Algumas multinacionais querem monopolizar de ponta a ponta as principais cadeias produtivas de alimentos. O controle da indústria de sementes e de insumos é estratégico para alcançar este objetivo. No polo oposto da dialética, uma nação com enorme potencial agrícola como o Brasil, tem que pautar seu desenvolvimento rural nas potencialidades de sua enorme agrobiodiversidade, em seus sistemas camponeses de produção e convivência com os agroecosistemas locais e na independência tecnológica, científica, industrial e comercial nesta área vital para nossa soberania e nosso desenvolvimento.
O Pavor do Rótulo
Parte da indústria de alimentos diz-se favorável aos transgênicos, mas foge do rótulo como o diabo da cruz. Mas se os transgênicos são tão bons e seguros, porque tanto medo do rótulo? Porque não fazem disto um mote propagandístico: "coma transgênico, é seguro, saboroso e barato?"

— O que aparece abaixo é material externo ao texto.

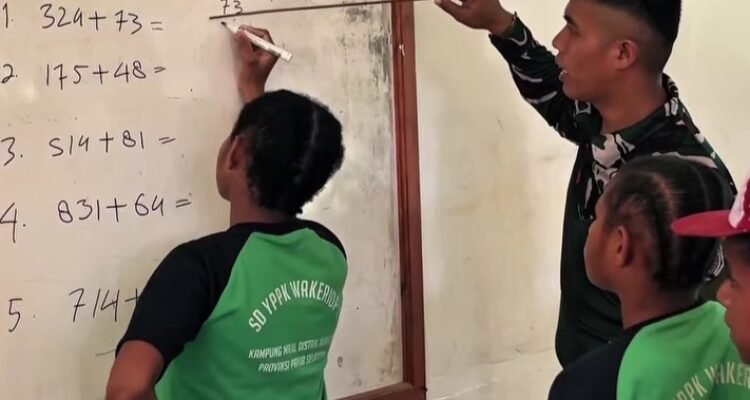 Dorong Semangat Anak Papua,Satgas Swasembada Yonif 126/KC Mengajar di SD YPPK Santo Andreas Wakariop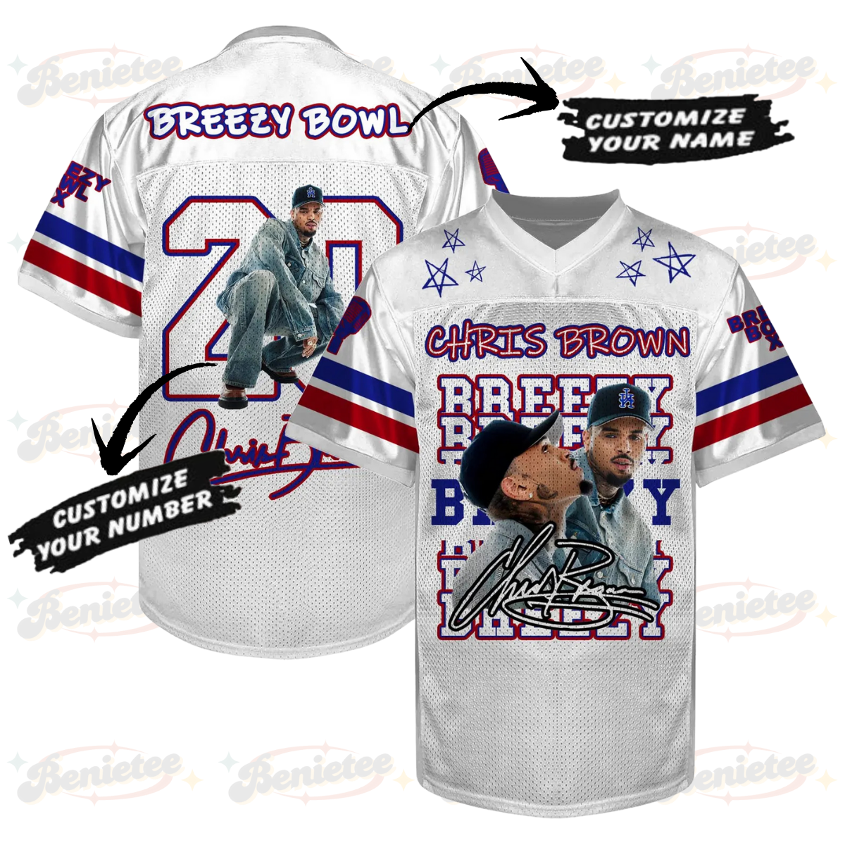 Custom Chris Brown Breezy Bowl Football Jersey, Breezy Bowl XX Music Tour 2025 Football Jersey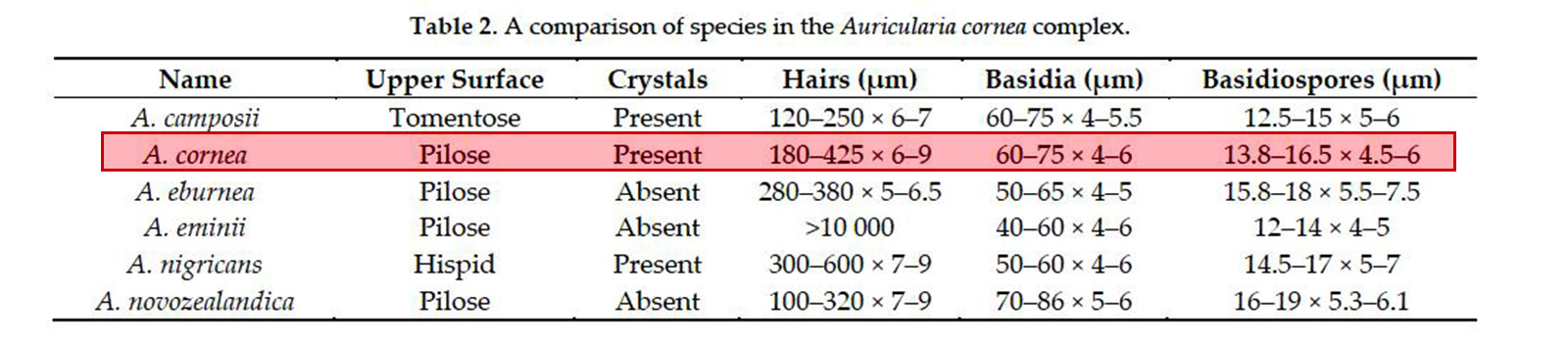 Determinación hecha siguiendo la información del documento "Global Diversity and Updated Phylogeny of Auricularia (Auriculariales, Basidiomycota)" , en el que con superficie ligeramente pilosa, cristales presentes, pelos de entre 180 a 425 micras y esporas con unas medidas de 13.8–16.5 × 4.5–6 µm., conducen a la Auricularia cornea propuesta, dejo una captura de pantalla con las Claves:
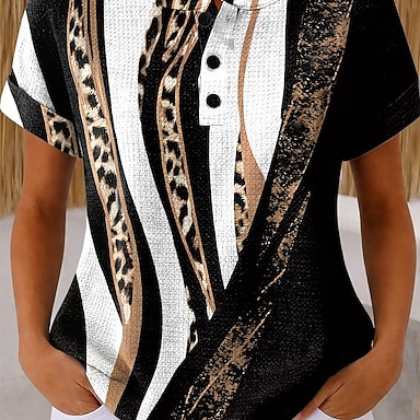 Naisten T-paita Henley-paita Napit Raidoitettu Muoti Lyhythihainen Henley Tavalliset topit Kausaliteetti Hiekkaranta Kesä Valkoinen Punastuvan vaaleanpunainen Taivaan sininen Kesä Kevät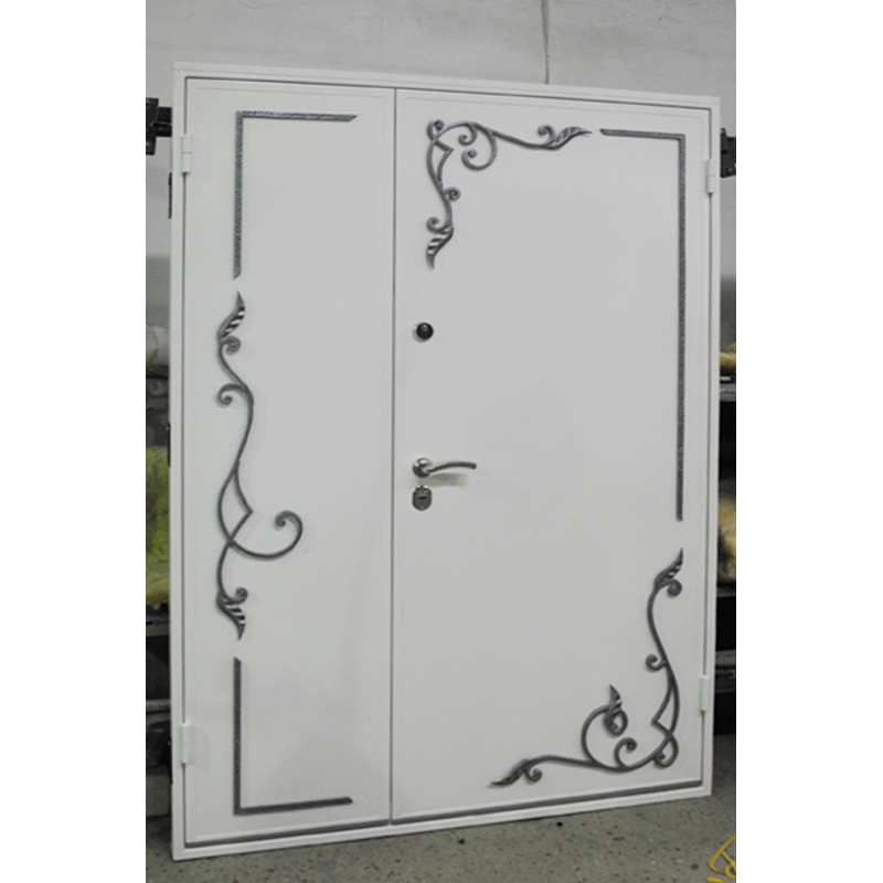 Металеві білі двері з кованими елементами

A rotulagem ainda não chegou às prateleiras dos supermercados brasileiros, mesmo transformada em lei há mais de um ano. O que está em disputa são dois modelos de desenvolvimento rural: um centrado no latifúndio, controlado pelos grandes grupos multinacionais e baseado nas monoculturas dependentes dos insumos químicos e o outro centrado nas pequenas e média unidades de produção agropecuária, organizado em redes de cooperativas, agroindústrias locais, empresas nacionais, empresas públicas estratégicas e baseados na diversificação produtiva e em tecnologias orgânicas e agroecológicas.
Esta disputa de fundo é que guia as disputas imediatas. As multinacionais do agronegócio sabem o que querem e onde querem chegar. Os transgênicos são apenas mais uma importante frente de batalha para elas e para os que querem um Brasil soberano, com uma agricultura camponesa forte produzindo alimentos saudáveis e variados em grande quantidade para nossa população e para o mundo.